Tuhan Sudah Mati, Benarkah?

Ada salah satu ungkapan seorang filsuf asal Jerman yang bagi kebanyakan orang sangat kontroversial. Sebab, pernyataannya sangat bertentangan dengan apa yang diyakini oleh orang banyak. Filsuf itu bernama Friedrich Nietzsche.

Ia dikenal karena pernyataan kontroversialnya mengenai agama dengan mengatakan bahwa Tuhan sudah mati. Akibat pernyataan ini, banyak yang menganggap ia sudah gila atau seorang ateis yang tidak bertuhan. Padahal, pada kenyataannya yang ia lakukan adalah bentuk kepeduliannya kepada agama.

https://www.instagram.com/jejaringduniasantri/

Sebenarnya ini sudah menjadi hal yang sangat lumrah bagi seorang filsuf, karena mereka selalu datang dengan pikiran-pikiran yang wah, dan terkadang sangat melenceng dari apa yang orang kebanyakan pikirkan. Namun, bukan berarti apa yang mereka sampaikan itu salah.

Jadi, setelah memahami latar belakang Nietzsche, kita kembali ke pertanyaan inti dari tulisan ini: apakah benar Tuhan sudah mati?

Sebenarnya apa yang ingin disampaikan oleh Friedrich Nietzsche bukanlah Tuhan mati secara fisik, seperti manusia mati pada umumnya. Bukan pula Tuhan kehilangan eksistensi-Nya. Sebab, sebagaimana yang kita yakini, Tuhan itu Maha Kekal dan mustahil bagi Tuhan untuk mati.

Karena itu, maksud dari frasa “Tuhan mati” adalah Tuhan yang ada pada keyakinan masyarakat Eropa yang lama kelamaan semakin memudar. Setiap tindak laku yang dilakukan oleh masyarakat sudah tidak didasari oleh Tuhan. Orang-orang tetap melakukan adat istiadat keagamaan Kristen, namun hal itu hanya dilakukan sekadar kebiasaan bukan karena didasari oleh keyakinan akan Tuhan.

Di zaman dahulu, orang Eropa masih kental akan agama. Setiap kejadian selalu dikaitkan dengan Tuhan, sehingga setiap perbuatan yang dilakukan memiliki nilainya masing-masing.

Dulu orang bisa melakukan kebaikan dengan tenang tanpa mengharap imbalan karena mereka sudah memiliki nilai sendiri dari perbuatannya. Namun, sekarang hal seperti itu sudah sangat sulit ditemukan, karena nilai Tuhan sudah tidak digunakan, digantikan oleh nilai manusia yang masih rapuh. Inilah yang dimaksud Nietzsche ketika ia mengatakan “Tuhan sudah mati” – bukan kematian Tuhan secara ontologis, melainkan kematian fungsi Tuhan dalam kehidupan moral dan sosial masyarakat.

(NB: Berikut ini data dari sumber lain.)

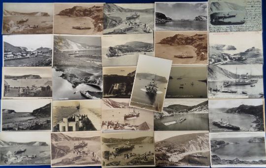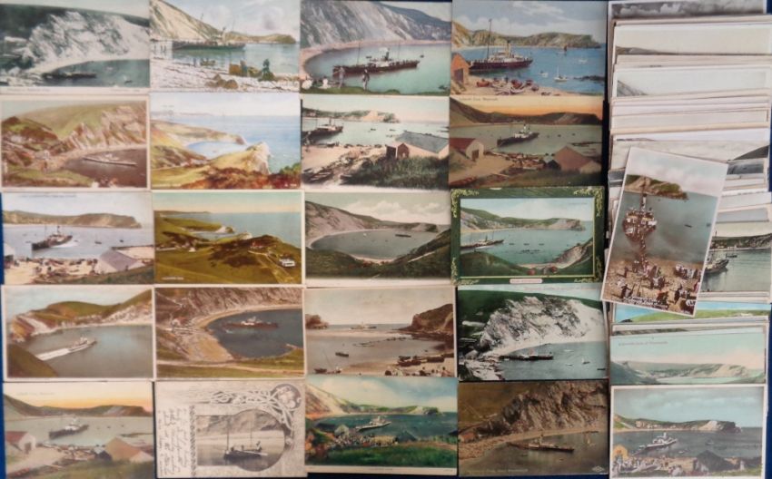 Postcards, Dorset, a comprehensive collection of over 100+ cards of Lulworth Cove, mostly showing the cove with attendant paddle steamer. Includes A.R Quinton (3), LLs Lulworth Cove nos. 30, 31 & 32. Also Weymouth no. 30 & 32. Paddle steamers mostly PS Victoria, Empress and Consul. Also aerial views, disembarking passengers, Cosens & Co advert for pleasure steamers (mainly gd)

Sebelum itu perlu kita ketahui bersama bahwasanya pemikiran filsafat sifatnya berbeda-beda sesuai dengan masanya. Jadi, pemikiran filsafat sifatnya tidak dapat terus digunakan begitu saja. Ia harus menyesuaikan di setiap zamannya, seperti pemikiran Nietzsche ini.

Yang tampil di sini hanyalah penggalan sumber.